有節奏的響指聲在寂寥無人的墳地中顯得格外刺耳,而且隨著飽含節奏的響指聲不斷響起,我發現那血棕也是變得更加狂暴起來,衝著四叔張牙舞爪起來,而且嘴巴中還流淌出來粘稠的血液,場面十分讓人作嘔。

再看四叔,他緩緩地轉過頭來,衝著我笑了一下,那一瞬間,原本我慌張的心情立刻煙消雲散,有著四叔在,我還有什麼可怕的呢?

“小子,準備好鎮棺釘,鎮棺符”呼喊著,四叔便轉回頭去,和那血棕交織在了一起……

陰風四起,吹得人身體發冷,心裡發慌,我按照四叔的吩咐將這兩樣東西從揹包中掏出來,那血棕已經抓住了四叔的肩膀,衝著四叔不斷地咆哮起來,血水,猩紅色的味道飄散過來,讓我不禁打了一個寒顫。

僵持了一會兒,只見四叔雙、腿屈膝,猛地跳起,兩隻腳掌一前一後地踢在了血棕的下巴上,轟然到地,四叔一個前撲直接坐在了血棕的身上,剛準備將划著咒文的匕首刺向血棕的胸膛,那血棕在到地的瞬間便是一拳轟出,看著四叔倒飛出去的身影,我的雙、腿竟開始不受控制地向著遠離血棕的方向移動起來。

不知道是四叔看到了我的舉動,還是他已經摸透了解決這血棕的方法,從地上爬起來,他先是抹了一下嘴角的血跡,接著,將雙手插入到口袋裡,慢悠悠地向著血棕走了過去。

四叔這樣的姿態,那血棕卻絲毫沒有大意,像一頭犛牛橫衝過去,四叔依舊不慌不忙,待那血棕近在四叔面前的時候,我只看到了一道白色的光芒從血棕的脖子位置劃過,之後,我就看到了如噴泉般的血液從血棕的動脈上湧出,直接弄了四叔一整臉。

剛要抹下臉龐,我看到那血棕伸出雙手扶著自己的腦袋,將四叔撲了過去,我呼喊了一聲,可為時已晚,四叔已經倒在了地上,那血棕好像瘋了一樣,張開大嘴,啃咬起了四叔,衣服碎片漫天紛飛,四叔的嚎叫聲也是讓我聽得毛骨悚然。

但就當我忍不住想要逃跑的時候,那嚎叫聲也是變成了爽朗的大笑聲。

“他媽了個巴子的,差點著了這傢伙的道!”

聽到熟悉的聲音,我當時的第一反應便是衝了過去,看到還睜著眼睛的四叔身上滿是傷痕,血液不停地流淌出來,也是磕磕巴巴地問了一嘴:“四叔,沒,沒事吧……”

擺了擺手,他示意我不要擔心,從揹包中取出一些紗布包紮好,他也是急忙換上了另一套嶄新的衣服,嘴上說著沒事,可我當時已經感覺到他連走路都是極為地輕浮,好像隨時都會摔倒一樣,即便如此,他依舊是指揮我將這血棕搬回到棺材中,釘上鎮棺釘,貼上鎮棺符。

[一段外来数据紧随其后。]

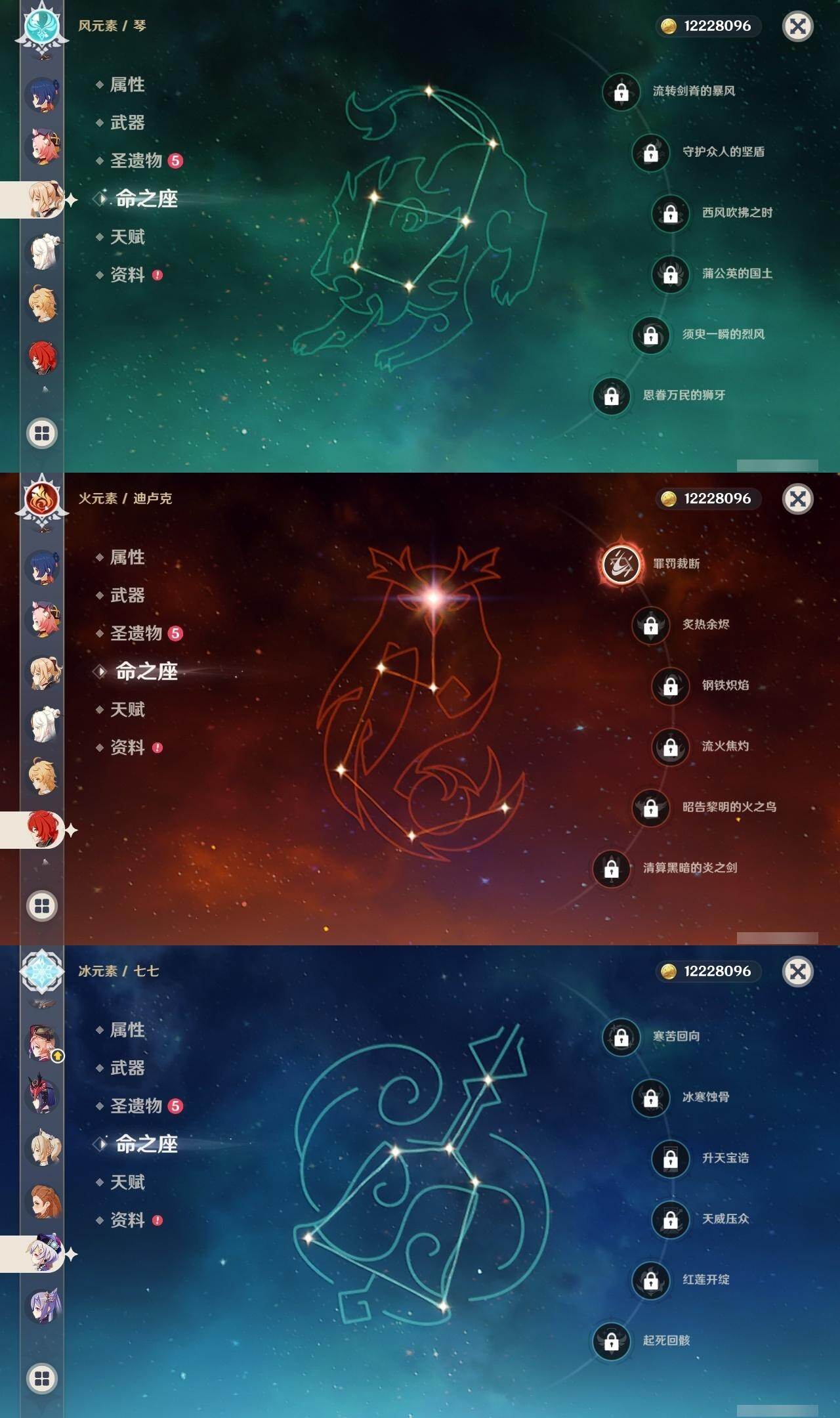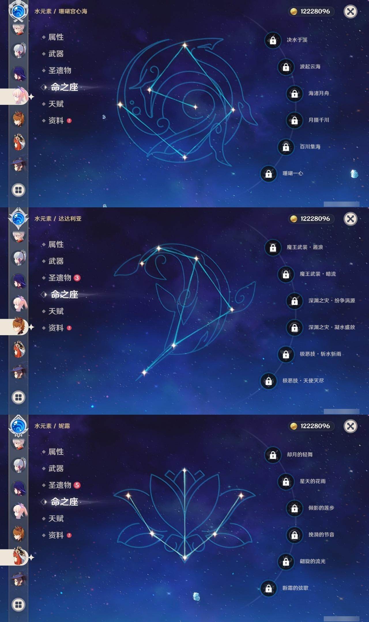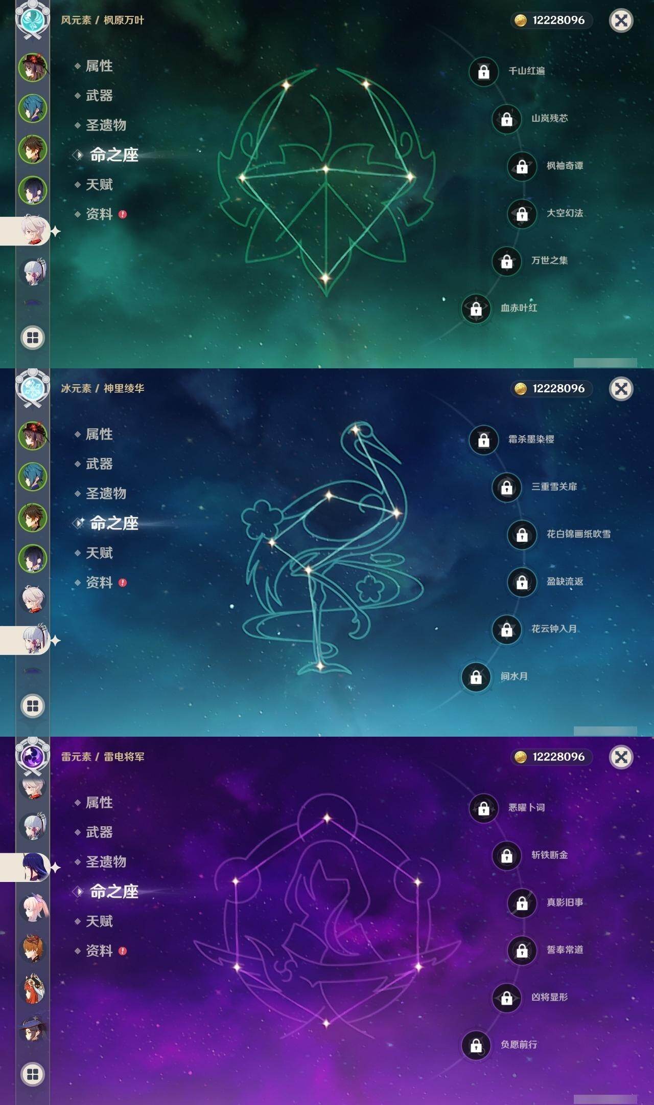 0命妮露,0命夜兰,0命雷电将军,0命枫原万叶,0命神里绫华,0命钟离,1命胡桃,0命宵宫,0命达达利亚,0命珊瑚宫心海,0命刻晴,0命七七,0命琴,1命莫娜,1命迪卢克,0命希诺宁,精1雾切之回光,精1天空之刃,精1狼的末路,精1天空之傲

原以為挪墳這件事情就此結束,但當財主和那群人悄悄溜回來之後,我卻看到四叔從他的後腰中拿出了一個黑色包裹。

至於裡面是什麼,我想去開啟看,被四叔直接打了一下後腦勺,比這噓聲的手勢,悄悄地告訴我,這裡面是財主父親的屍骨。

就在剛剛和血棕交手的時候,開了陰陽眼的四叔將財主父親的屍骨從血棕身體中取出,答應了人家挪墳,四叔就一定會完成。

挪墳,說白了就是挪屍骨,出現了血棕,四叔陰陽眼看到屍骨就在血棕身體中,以凌厲手段直接從血棕身體中取出,將其安放整齊,吩咐著財主把屍骨的各個關節原位安放,如有遺失的指節要仔細翻土查詢,不然對後代子孫會帶來肢體上的傷害。

那些遺骸的手腳骨和膝蓋骨一定要按正常生理結構擺放,不得前後左右調轉。若是有偏差,便如同先人手腳被捆、屈膝下跪,後人必定黴運,不出興旺發家之人。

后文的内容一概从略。